Taking the entire family out to a grown up restaurant is a calculated risk. At best the children won’t whine. At worst we will be asked to leave for causing such a rumpus and spoiling the other dinners’ intimate soirées. However, there comes a time, when the ‘little darlings’ have to be initiated, or no family would ever enjoy a bit of civilized dining out. I enquired cautiously on booking, “We’d like to bring our kids, would that be alright?”
“We do mostly fish,” came the warning. Fresh Port Isaac crab cakes, scallops, sardines, mackerel, lemon sole and sea trout: it makes perfect sense. From the front door, the view is direct onto the Platt where fishermen still land their daily catch. “That’s Ok, they all like fish,” my fingers firmly crossed. My youngest has an expensive predilection for lobster. It’s just important to keep greenery off his plate. Luckily, owner and chef Emily Scott has children too so accommodating kids doesn’t faze her in the least.
Arriving early, during a tranquil summer evening, we had an hour to explore an area that’s full of activity. Port Gaverne’s pub, a short walk via the cliff path, was filling with revellers. We watched a group of youngsters playing in the sea’s swell and two gig teams set out for a practise session. We even stumbled across a bit of ‘Doc Martin’ filming in fictional Port Wenn.
Port Isaac is incredibly pretty and with its diminutive cottages and sweeping view across its little bay. The Harbour restaurant, a unique 15th century building, is in the oldest in the village. Step inside and you suddenly feel like a Lilliputian in a cover shot for Country Living. The tiny interior has something of Kirstie Allsopp’s homemade rustic charm with shell lights, painted furniture and bunting, in pale tones, simple flowers, and unfussy tableware. Everything is small but perfectly formed. My boys squeezed themselves between pastel cushions on a window seat and, in response to their surroundings, drew in elbows and assumed angelic behaviour from then on in.
Small, can be misconstrued as mean. It was not. Tables were arranged to give plenty of space. Nobody felt crowded and the friendly welcome from ‘front of house, Jason, made us feel more like guests than customers. The perfect compliment to Emily’s delicious cooking, he was always helpful but never obtrusive.
On Thursdays, St. Breward’s Brass Band plays on the Platt, and the additional enjoyment of live music so close by made the evening perfect. “On Friday, The ‘Fisherman’s Friends’ perform,” said Jason, “but then you can’t move for the crowds.”

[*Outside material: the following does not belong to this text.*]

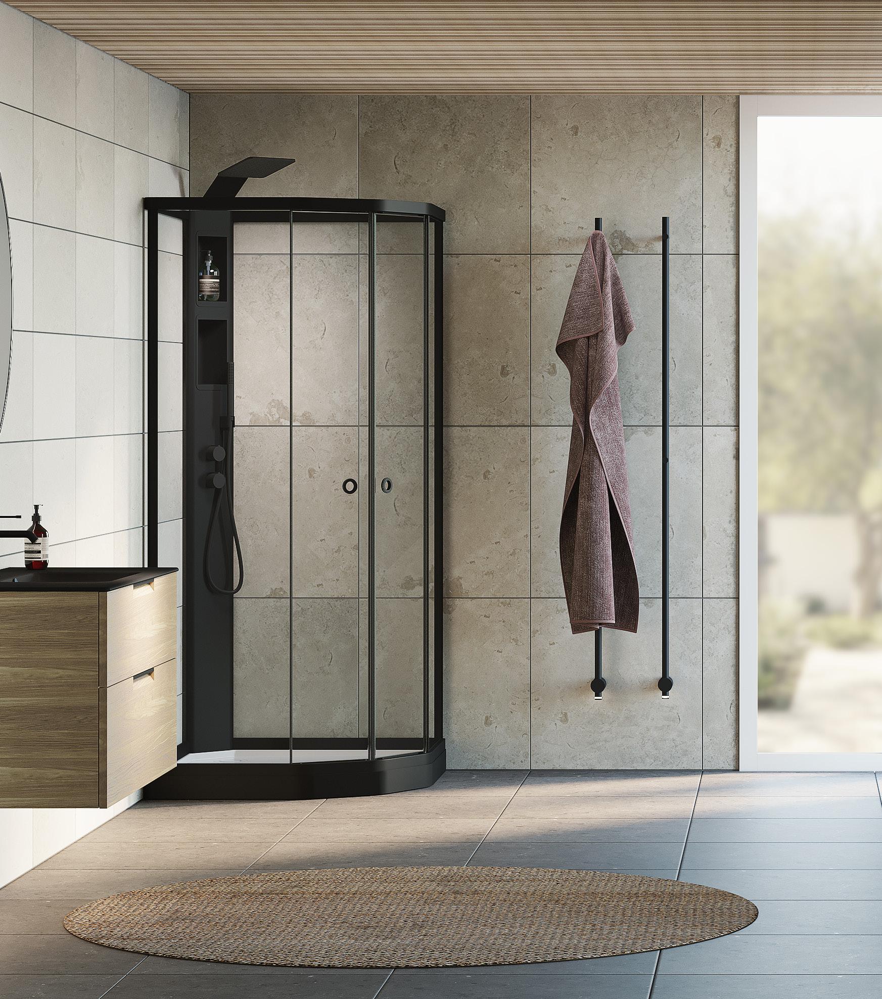 FLOW SEMI DUSJKABINETT MED SORTE PROFILER

Emily’s dishes have a lightness of feminine touch in their execution and flavour and it is not unusual for her to garnish her food prettily with edible flowers. My offspring surprised me by decisively choosing starters and mains. While waiting, we scoffed, with olive oil for dipping, a selection of three types of homemade breads. For starter, I ate a delicious sweet-salty salad of Deli Farm coppa ham with soft figs, chilli, rocket and feta while my husband and boys chose scallops or the sardines. We all adored the subtle and delicious shore caught cod with tiger prawns with cream and Parmesan for mains. Served with rustic chips brought to the table in little white milk jugs. We were not overstuffed so there was no hesitation over whether to indulge in puddings too. Emily’s perfect panacotta was so smooth it left me in relaxed and mellow mood.
The following morning, my ten year old thanked me, saying: “It was the best food, the best restaurant, the best evening he’d ever had.” That’s a genuine endorsement when the young are moved to praise.